WORK INSTRUCTION:
Leave out every picture, then transcribe the rest of the listing exactly.

COLLECTED MATERIAL:
=== Section Start ===
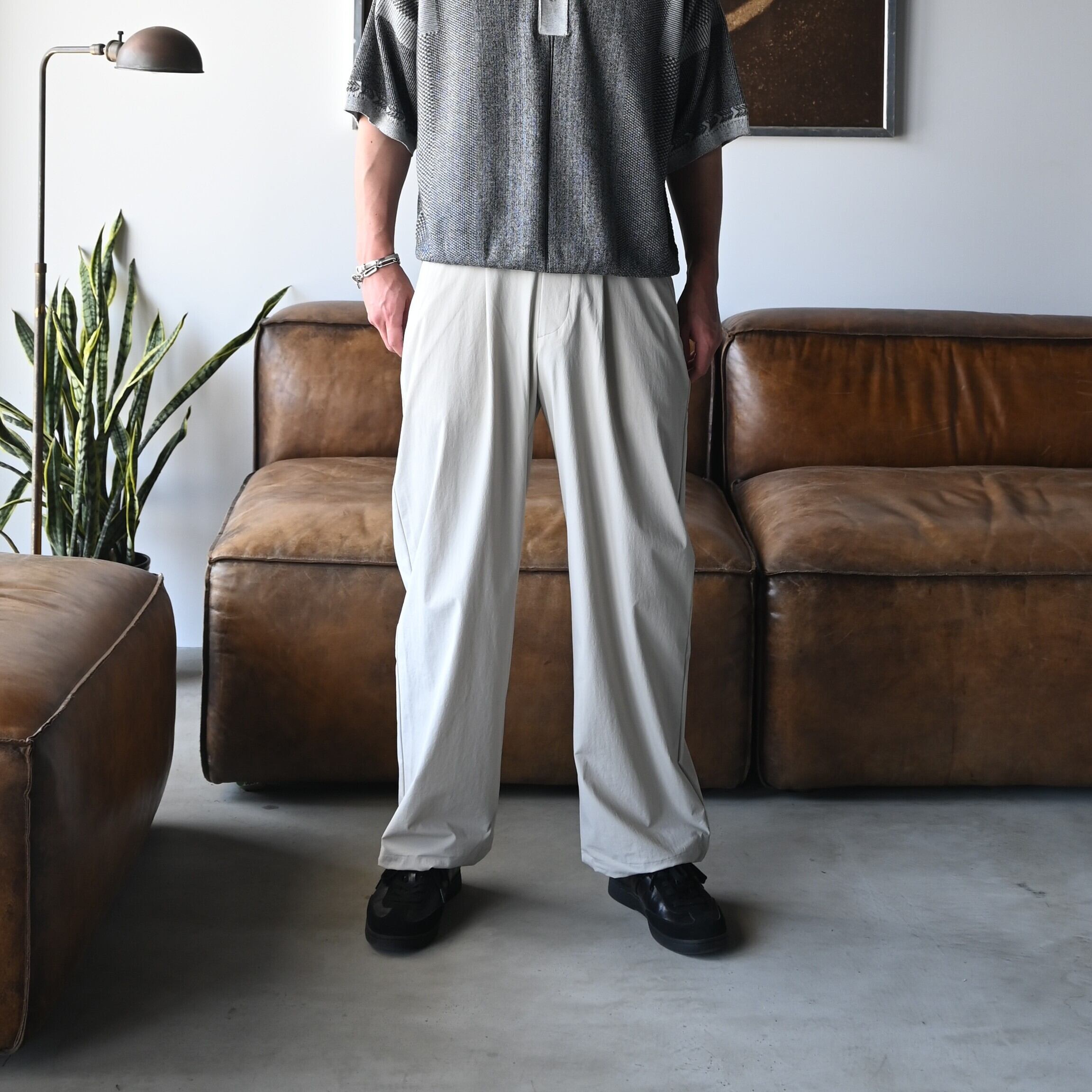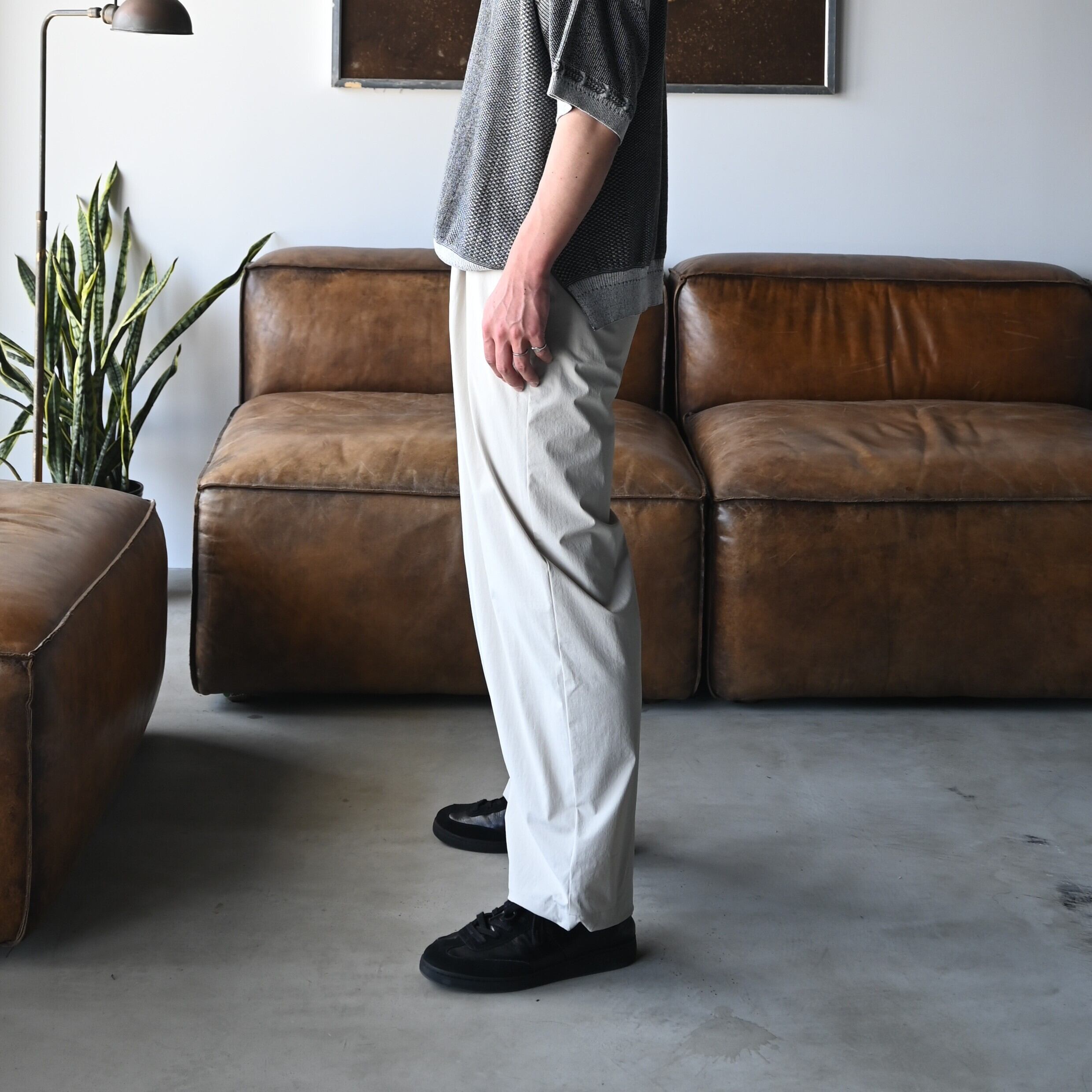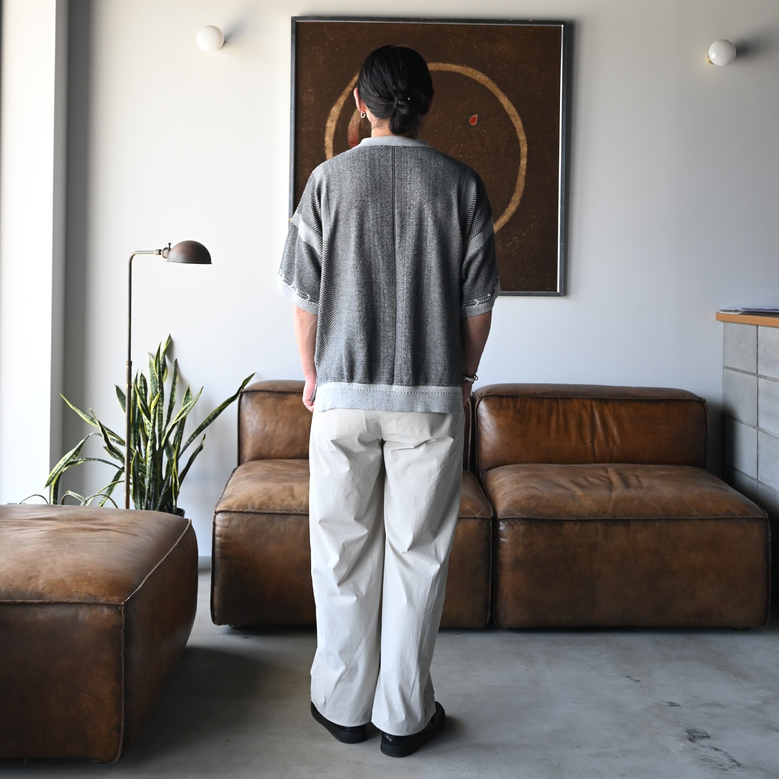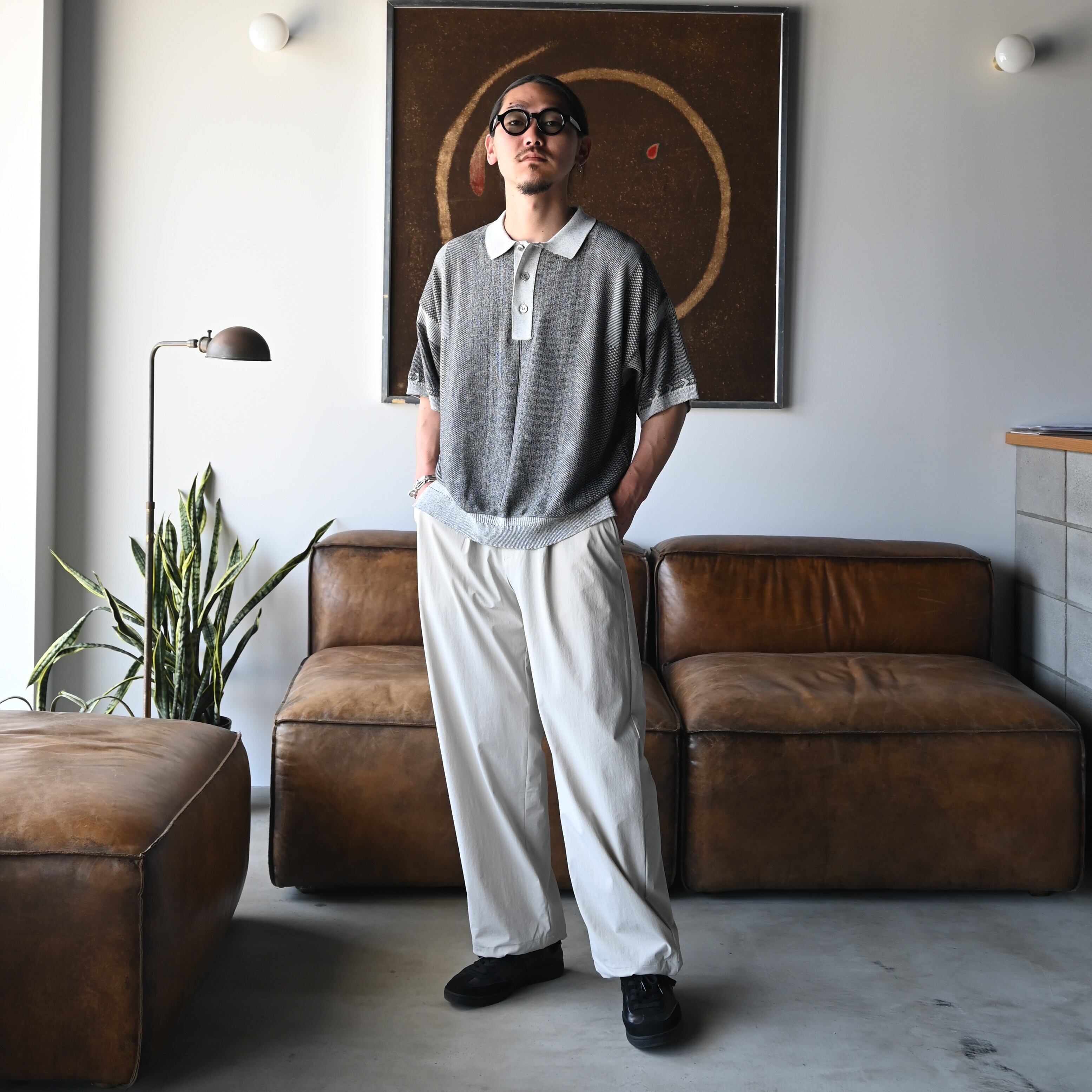 KUON(クオン) Reversible Kimono Collar Blazerをメイン着用。インナーにYASHIKI(ヤシキ)のニットポロ、SAYATOMO(サヤトモ)のスラックスを合わせました。ブラックとライトベージュの色バランスがいい感じです。
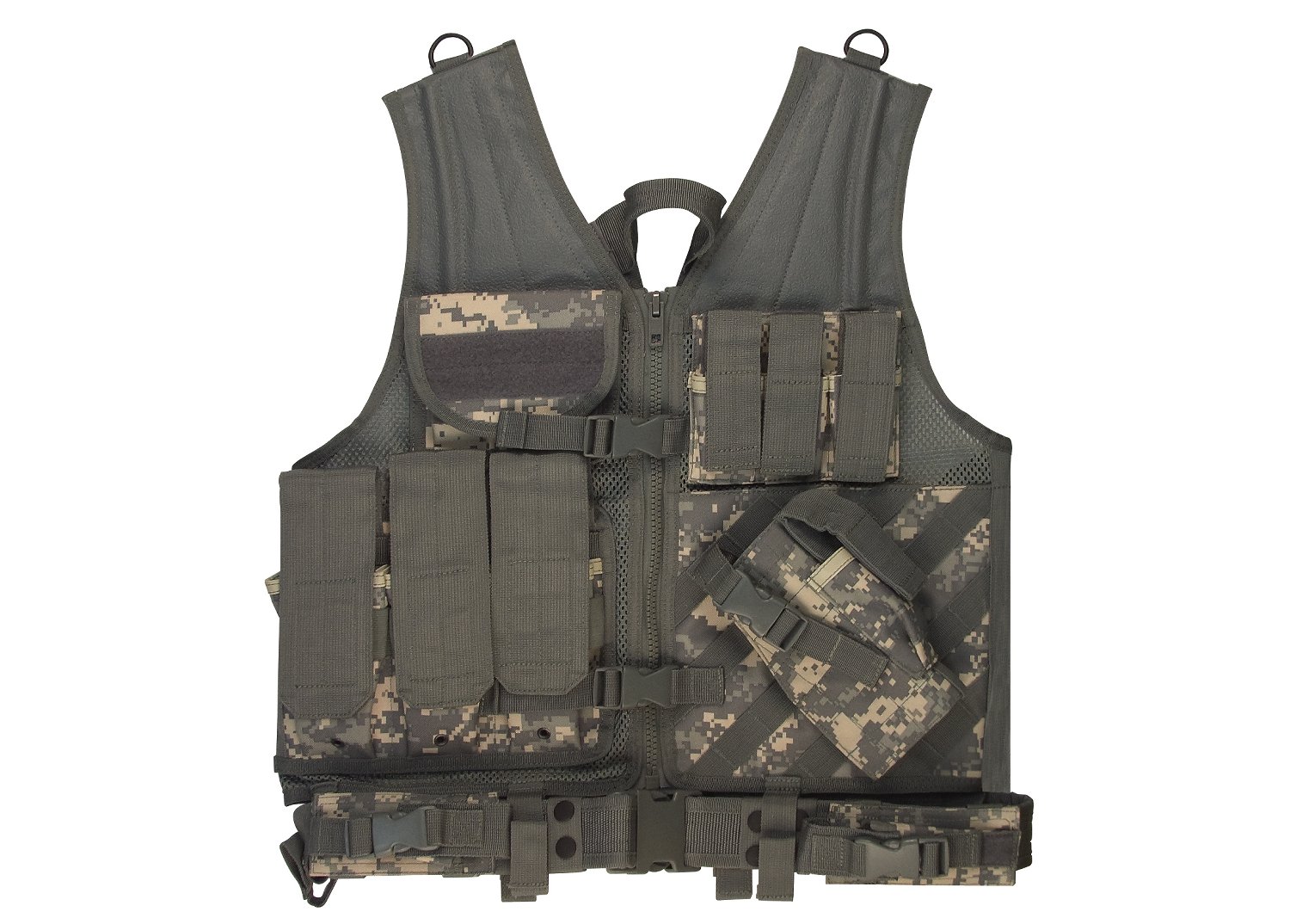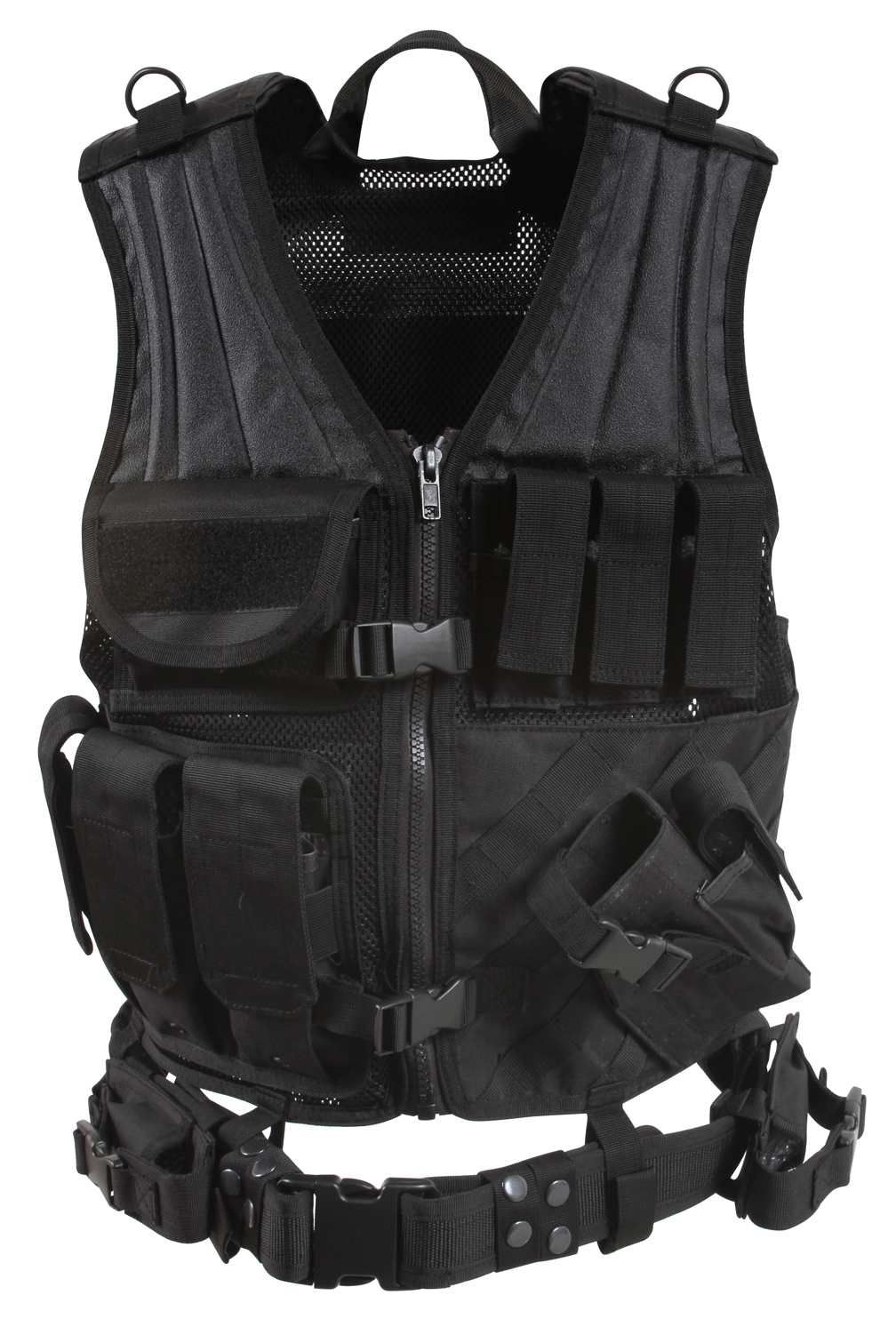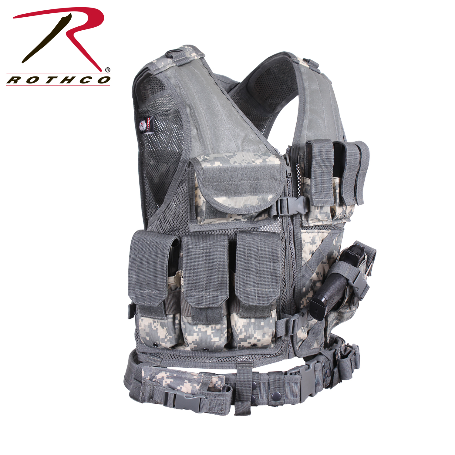 Upgrade your gear with Rothco's Tactical Cross Draw Vest. Crafted from heavyweight polyester mesh, this adjustable vest is MOLLE compatible, providing a customizable and practical solution for field activities. Featuring 3 gear pouches, 3 gear magazine pouches, and 2 document pouches, the MOLLE vest ensures you're well-equipped and organized. The adjustable shoulder straps and drawstring waist offer a perfect fit, while the zip-up front with an adjustable gear belt adds functionality. Stay prepared and efficient with Rothco's Cross Draw MOLLE Tactical Vest.
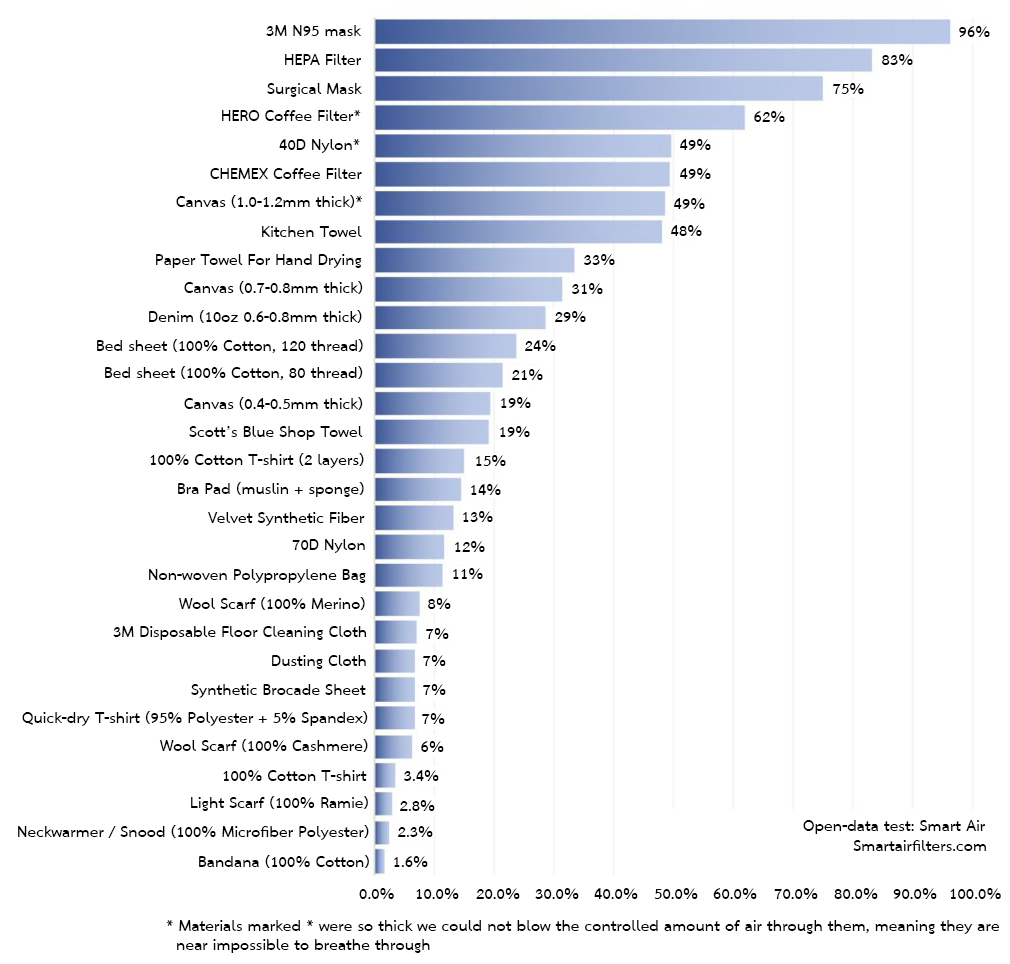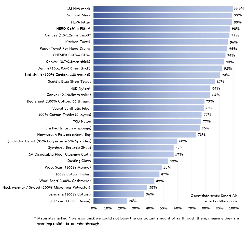 รูปที่ 4 แสดงประสิทธิภาพในการกรองสกัดละอองขนาด 0.3 ไมครอน (ขนาดประมาณเท่ากับไวรัสโรคฝีดาษหรือไข้ทรพิษ) ของวัสดุต่างๆ 27 ชนิดที่หาได้ไม่ยากในท้องตลาด เปรียบเทียบกับวัสดุกรองมาตรฐาน 3 ชนิดคือหน้ากาก N95 ของ 3M, หน้ากากอนามัยทางการแพทย์ และแผ่นกรอง HEPA (high-efficiency particulate air) ซึ่งเป็นวัสดุมาตรฐานที่ใช้กรองอากาศของห้องปลอดเชื้อ/ปลอดฝุ่น (clean room) โดยทั้งนี้การทดลองไม่ได้นำผลของการรั่วไหลเนื่องจากช่องห่างระหว่างขอบหน้ากากกับใบหน้ามาคิดรวมด้วย [1]
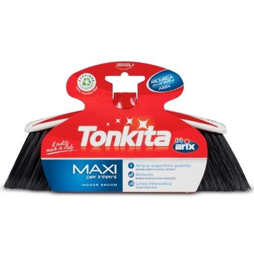 Maxi per interni è la scopa dal design tecnologico e bordo paracolpi, prodotta con materiali interamente riciclabili. Scopa con assicella e bordo paracolpi stampati in bi-iniezione, più compatti e resistenti, senza fessure e rilievi annida sporco. Le setole “actidust” realizzate in materiali 100% riciclati e riciclabili, raccolgono efficacemente la polvere sottile, capelli e briciole. Fitte e inclinate, le setole penetrano meglio le fughe dei pavimenti e raggiungono gli angoli difficili.
=== Section End ===
RESPONSE:
 KUON(クオン) Reversible Kimono Collar Blazerをメイン着用。インナーにYASHIKI(ヤシキ)のニットポロ、SAYATOMO(サヤトモ)のスラックスを合わせました。ブラックとライトベージュの色バランスがいい感じです。
 Upgrade your gear with Rothco's Tactical Cross Draw Vest. Crafted from heavyweight polyester mesh, this adjustable vest is MOLLE compatible, providing a customizable and practical solution for field activities. Featuring 3 gear pouches, 3 gear magazine pouches, and 2 document pouches, the MOLLE vest ensures you're well-equipped and organized. The adjustable shoulder straps and drawstring waist offer a perfect fit, while the zip-up front with an adjustable gear belt adds functionality. Stay prepared and efficient with Rothco's Cross Draw MOLLE Tactical Vest.
 รูปที่ 4 แสดงประสิทธิภาพในการกรองสกัดละอองขนาด 0.3 ไมครอน (ขนาดประมาณเท่ากับไวรัสโรคฝีดาษหรือไข้ทรพิษ) ของวัสดุต่างๆ 27 ชนิดที่หาได้ไม่ยากในท้องตลาด เปรียบเทียบกับวัสดุกรองมาตรฐาน 3 ชนิดคือหน้ากาก N95 ของ 3M, หน้ากากอนามัยทางการแพทย์ และแผ่นกรอง HEPA (high-efficiency particulate air) ซึ่งเป็นวัสดุมาตรฐานที่ใช้กรองอากาศของห้องปลอดเชื้อ/ปลอดฝุ่น (clean room) โดยทั้งนี้การทดลองไม่ได้นำผลของการรั่วไหลเนื่องจากช่องห่างระหว่างขอบหน้ากากกับใบหน้ามาคิดรวมด้วย [1]
 Maxi per interni è la scopa dal design tecnologico e bordo paracolpi, prodotta con materiali interamente riciclabili. Scopa con assicella e bordo paracolpi stampati in bi-iniezione, più compatti e resistenti, senza fessure e rilievi annida sporco. Le setole “actidust” realizzate in materiali 100% riciclati e riciclabili, raccolgono efficacemente la polvere sottile, capelli e briciole. Fitte e inclinate, le setole penetrano meglio le fughe dei pavimenti e raggiungono gli angoli difficili.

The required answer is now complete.